# Data for review:

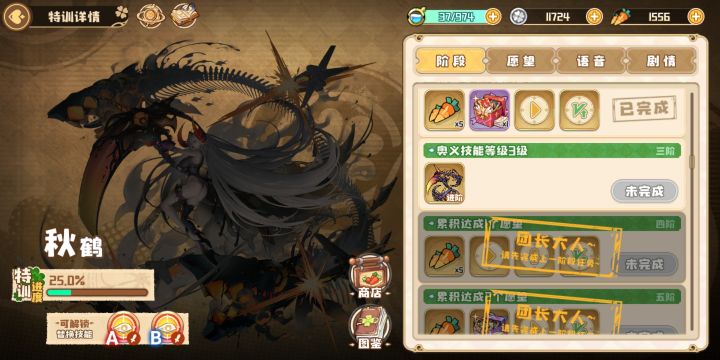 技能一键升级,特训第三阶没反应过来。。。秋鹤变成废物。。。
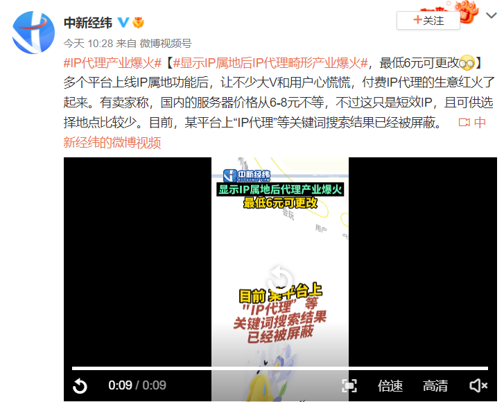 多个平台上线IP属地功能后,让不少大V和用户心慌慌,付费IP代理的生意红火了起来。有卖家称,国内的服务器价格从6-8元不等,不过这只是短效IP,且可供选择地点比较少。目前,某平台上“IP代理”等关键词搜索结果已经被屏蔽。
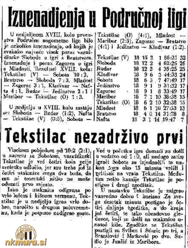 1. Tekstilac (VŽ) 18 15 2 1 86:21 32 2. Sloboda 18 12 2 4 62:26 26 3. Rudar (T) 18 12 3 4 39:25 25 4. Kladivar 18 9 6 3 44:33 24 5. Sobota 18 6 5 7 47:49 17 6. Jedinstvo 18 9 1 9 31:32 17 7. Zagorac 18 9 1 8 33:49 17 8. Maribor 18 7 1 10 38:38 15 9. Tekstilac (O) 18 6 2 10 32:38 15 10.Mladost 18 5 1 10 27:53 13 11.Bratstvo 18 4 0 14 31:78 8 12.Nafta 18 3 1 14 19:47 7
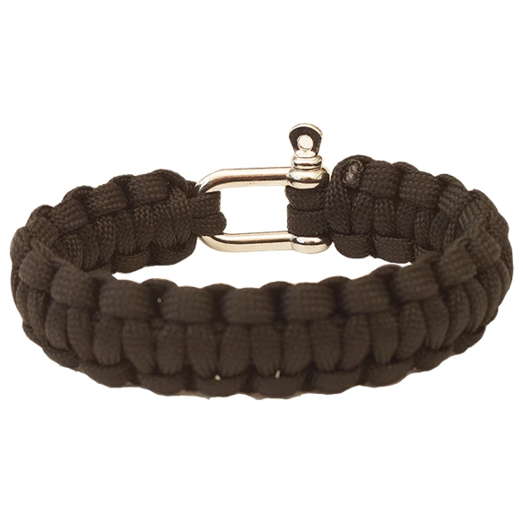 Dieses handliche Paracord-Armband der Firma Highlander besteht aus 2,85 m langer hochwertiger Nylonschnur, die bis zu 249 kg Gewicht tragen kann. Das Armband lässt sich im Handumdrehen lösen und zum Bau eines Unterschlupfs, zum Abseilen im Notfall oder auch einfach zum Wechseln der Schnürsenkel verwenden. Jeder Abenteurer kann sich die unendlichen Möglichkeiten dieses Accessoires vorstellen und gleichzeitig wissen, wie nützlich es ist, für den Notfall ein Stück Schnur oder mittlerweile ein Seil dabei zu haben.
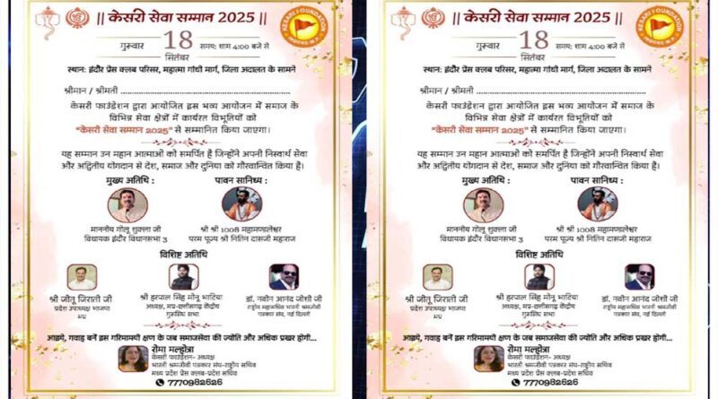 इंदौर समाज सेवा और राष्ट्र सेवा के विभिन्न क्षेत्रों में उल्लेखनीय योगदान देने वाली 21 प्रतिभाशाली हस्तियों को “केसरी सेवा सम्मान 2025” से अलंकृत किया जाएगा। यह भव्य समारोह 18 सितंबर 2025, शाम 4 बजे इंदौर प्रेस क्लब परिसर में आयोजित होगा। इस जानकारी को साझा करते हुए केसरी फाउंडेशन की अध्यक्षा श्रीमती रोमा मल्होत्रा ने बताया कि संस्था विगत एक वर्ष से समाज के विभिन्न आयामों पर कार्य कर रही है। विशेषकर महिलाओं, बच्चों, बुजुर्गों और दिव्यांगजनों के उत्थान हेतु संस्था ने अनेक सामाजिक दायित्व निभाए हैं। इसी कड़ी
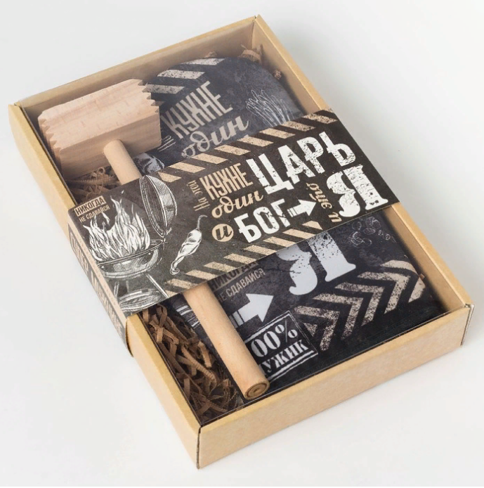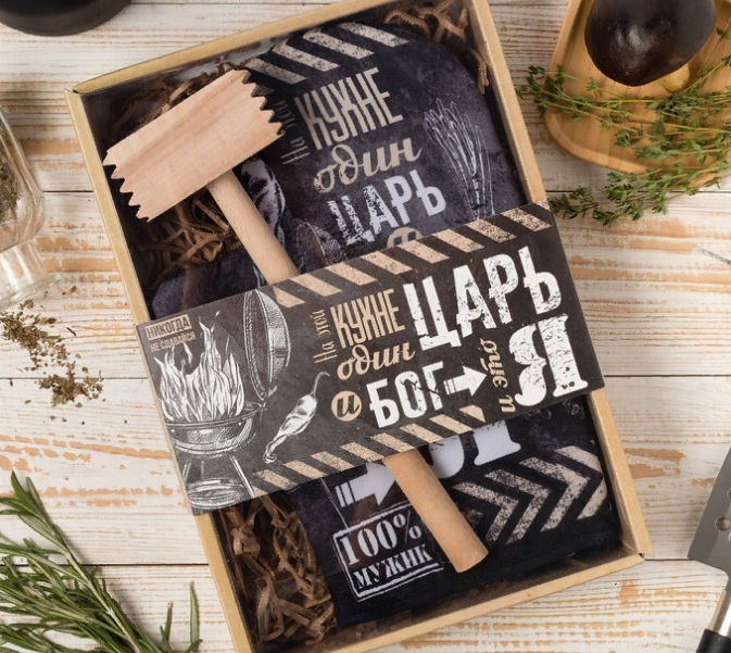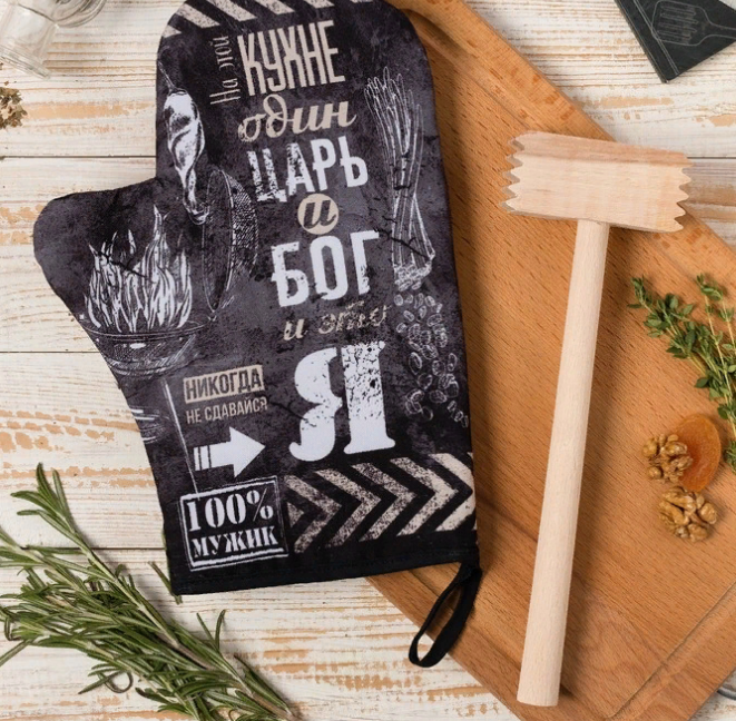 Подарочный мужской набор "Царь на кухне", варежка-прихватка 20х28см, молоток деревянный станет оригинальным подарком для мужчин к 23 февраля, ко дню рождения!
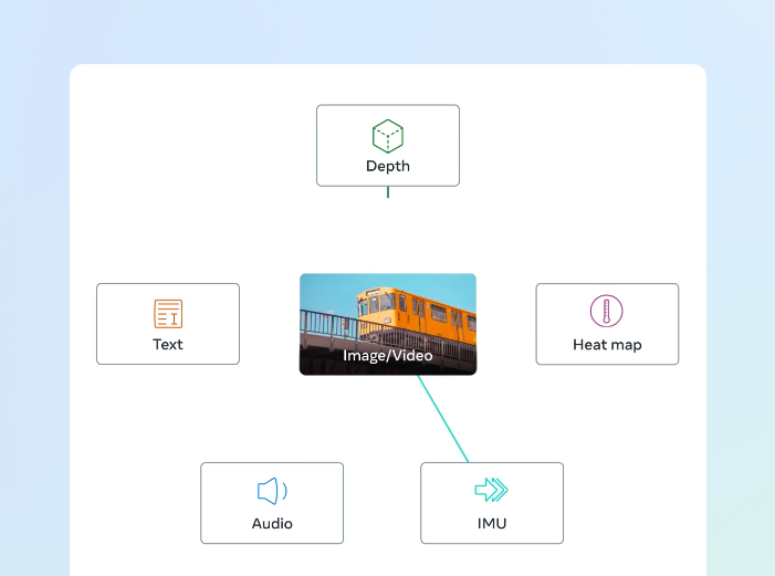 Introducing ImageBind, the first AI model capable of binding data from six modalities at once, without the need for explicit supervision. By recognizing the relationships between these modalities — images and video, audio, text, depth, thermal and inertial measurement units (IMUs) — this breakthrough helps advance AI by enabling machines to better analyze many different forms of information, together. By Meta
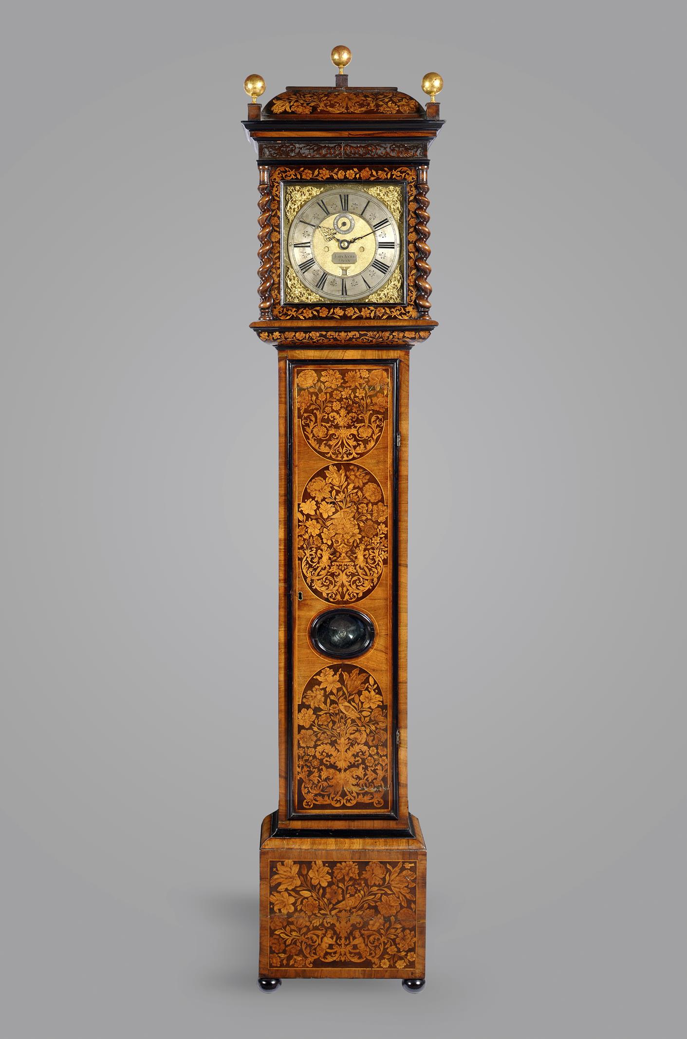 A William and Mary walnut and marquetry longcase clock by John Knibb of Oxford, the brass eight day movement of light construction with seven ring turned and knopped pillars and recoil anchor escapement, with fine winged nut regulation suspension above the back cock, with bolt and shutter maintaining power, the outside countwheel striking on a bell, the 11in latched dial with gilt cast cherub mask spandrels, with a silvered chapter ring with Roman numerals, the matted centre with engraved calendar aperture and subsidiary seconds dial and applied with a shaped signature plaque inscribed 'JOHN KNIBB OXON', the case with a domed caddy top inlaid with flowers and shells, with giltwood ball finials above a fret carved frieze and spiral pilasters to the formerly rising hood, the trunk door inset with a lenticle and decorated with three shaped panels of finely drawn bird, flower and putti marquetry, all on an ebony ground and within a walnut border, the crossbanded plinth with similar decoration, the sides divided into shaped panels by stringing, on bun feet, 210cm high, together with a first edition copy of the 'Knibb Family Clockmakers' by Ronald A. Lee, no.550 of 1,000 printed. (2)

# Your assignment:
Please leave out the pictures as you reproduce the lines exactly, from the first line of the entries through the line containing "इंदौर समाज सेवा".

# Solution for this task:
 技能一键升级,特训第三阶没反应过来。。。秋鹤变成废物。。。
 多个平台上线IP属地功能后,让不少大V和用户心慌慌,付费IP代理的生意红火了起来。有卖家称,国内的服务器价格从6-8元不等,不过这只是短效IP,且可供选择地点比较少。目前,某平台上“IP代理”等关键词搜索结果已经被屏蔽。
 1. Tekstilac (VŽ) 18 15 2 1 86:21 32 2. Sloboda 18 12 2 4 62:26 26 3. Rudar (T) 18 12 3 4 39:25 25 4. Kladivar 18 9 6 3 44:33 24 5. Sobota 18 6 5 7 47:49 17 6. Jedinstvo 18 9 1 9 31:32 17 7. Zagorac 18 9 1 8 33:49 17 8. Maribor 18 7 1 10 38:38 15 9. Tekstilac (O) 18 6 2 10 32:38 15 10.Mladost 18 5 1 10 27:53 13 11.Bratstvo 18 4 0 14 31:78 8 12.Nafta 18 3 1 14 19:47 7
 Dieses handliche Paracord-Armband der Firma Highlander besteht aus 2,85 m langer hochwertiger Nylonschnur, die bis zu 249 kg Gewicht tragen kann. Das Armband lässt sich im Handumdrehen lösen und zum Bau eines Unterschlupfs, zum Abseilen im Notfall oder auch einfach zum Wechseln der Schnürsenkel verwenden. Jeder Abenteurer kann sich die unendlichen Möglichkeiten dieses Accessoires vorstellen und gleichzeitig wissen, wie nützlich es ist, für den Notfall ein Stück Schnur oder mittlerweile ein Seil dabei zu haben.
 इंदौर समाज सेवा और राष्ट्र सेवा के विभिन्न क्षेत्रों में उल्लेखनीय योगदान देने वाली 21 प्रतिभाशाली हस्तियों को “केसरी सेवा सम्मान 2025” से अलंकृत किया जाएगा। यह भव्य समारोह 18 सितंबर 2025, शाम 4 बजे इंदौर प्रेस क्लब परिसर में आयोजित होगा। इस जानकारी को साझा करते हुए केसरी फाउंडेशन की अध्यक्षा श्रीमती रोमा मल्होत्रा ने बताया कि संस्था विगत एक वर्ष से समाज के विभिन्न आयामों पर कार्य कर रही है। विशेषकर महिलाओं, बच्चों, बुजुर्गों और दिव्यांगजनों के उत्थान हेतु संस्था ने अनेक सामाजिक दायित्व निभाए हैं। इसी कड़ी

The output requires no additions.